Thursday 13 August 2009

Wednesday 12 August 2009

drink my liquor from an old fruit jar

A local radio station around these parts is giving away tickets to this. I don't even really know what a "Blue Suede Cruise" entails.. I just know I sort of want to be on it, sporting a bouffant.

Saturday 8 August 2009

It was Johnny Hopkins and Sloane Kettering, and they were blazin' that shit up everyday.
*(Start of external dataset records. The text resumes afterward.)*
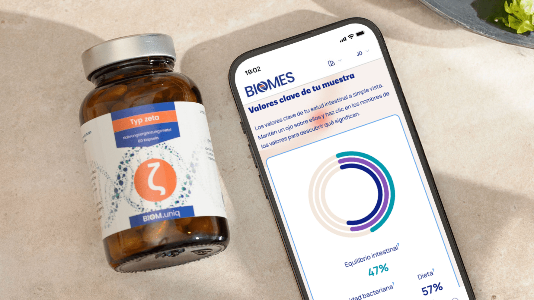 Los complementos alimenticios probióticos «BIOM.uniq» ofrecen 6 tipos diferentes (alfa a zeta), que se recomiendan para diferentes puntos débiles individuales de la flora intestinal. Nuestra recomendación sobre qué tipo le ayudaría se basa en la evaluación de nuestro test intestinal INTEST.pro. Puede solicitarlos en la tienda online de BIOMES a través del enlace que encontrará en su panel de control.
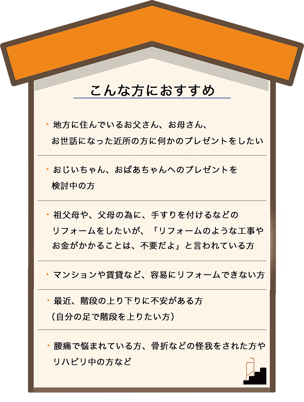 リフォームするほどではないものの、毎日の階段の上り下りは大変だと思います。
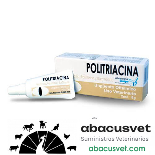 POLITRIACINA Neomicina, polimixina, Bacitracina pieza de 5 gr marca Santgar para: La primera opción en el tratamiento de las infecciones de la superficie ocular de los perros. Es el triple antibiótico que representa la combinación ideal para una terapia antibiótica reforzada, de acción prolongada y con excelente distribución sobre la superficie ocular. ¡Compra en línea – abacusvet.com!
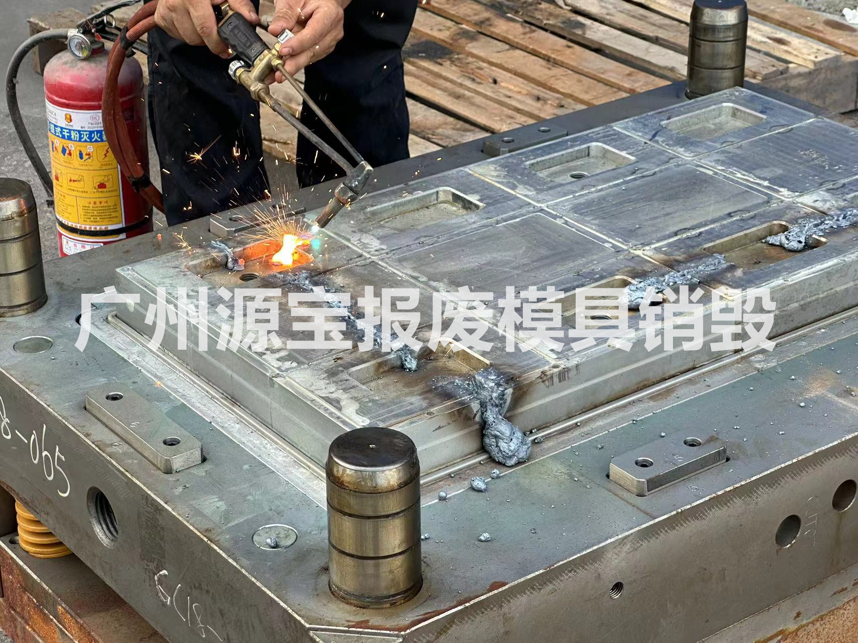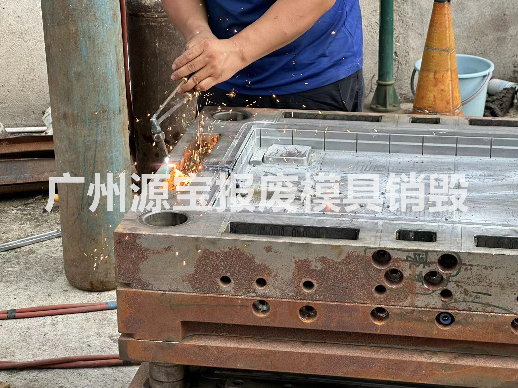 塑胶模具报废销毁,在2024年8月2日深圳某公司委托我们协助销毁一批模具。客户公司位于深圳,当日我们安排车辆上门将报废模具拉至广州源宝模具销毁中心,采用切割方式销毁报废模具。前期和客户沟通确认销毁方式后,我们源宝模具销毁公司专人上门拉货、卸车、拍照、以及录像。报废模具销毁完毕后,客户现场检查销毁的程度。确认销毁无遗漏后,我们当日就提供相关模具销毁证明报告。
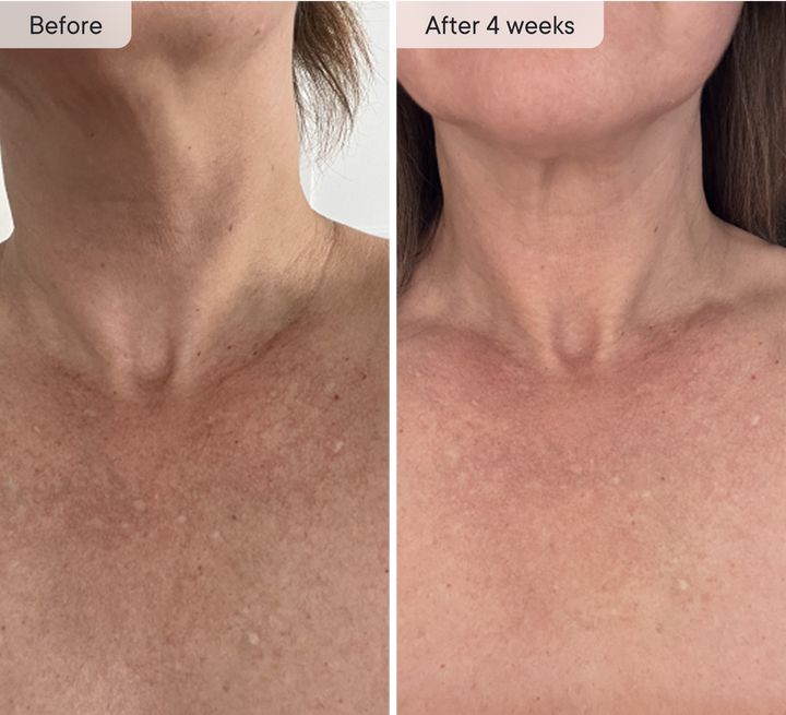 - Smoother, firmer-looking skin on the neck and chest

Current interests include: oil pastel sketches of common bathroom items, the whistling sound in the background of "Good Vibrations," rose-salted baths, silk nightgowns, vegetarian mayonnaise, sitting on the pier chomping on Swedish Fish with the surprisingly sharp-witted Joshua, not biting my nails, Ponds face cream, picking wildflowers, anxiously awaiting the return of Mad Men, turning my ex-boyfriend's boxers into art, that topless picture of Putin, and this song:

Friday 7 August 2009

the same dull indifference











"Yalta was barely visible through the morning mist, white clouds stood motionless on the mountaintops. The leaves of the trees did not stir, cicadas called, and the monotonous, dull noise of the sea, coming from below, spoke of the peace, of the eternal sleep that awaits us. So it had sounded below when neither Yalta nor Oreanda were there, so it sounded now and would go on sounding with the same dull indifference when we are no longer here. And in this constancy, in this utter indifference to the life and death of each of us, there perhaps lies hidden the pledge of our eternal salvation, the unceasing movement of life on earth, of unceasing perfection." -Chekhov, "The Lady With the Little Dog"

Saturday 1 August 2009

The time has come, the walrus said

Well, my short-lived, lazy journey has come to its fateful end. From here it's champagne and oyster brunch at the Four Seasons, then rolling myself onto the plane for twenty-four hours of agonizing travel. And hopefully HMB3 will be waiting for me, in New Jersey, with a lumberjack breakfast all laid out, and a fat joint.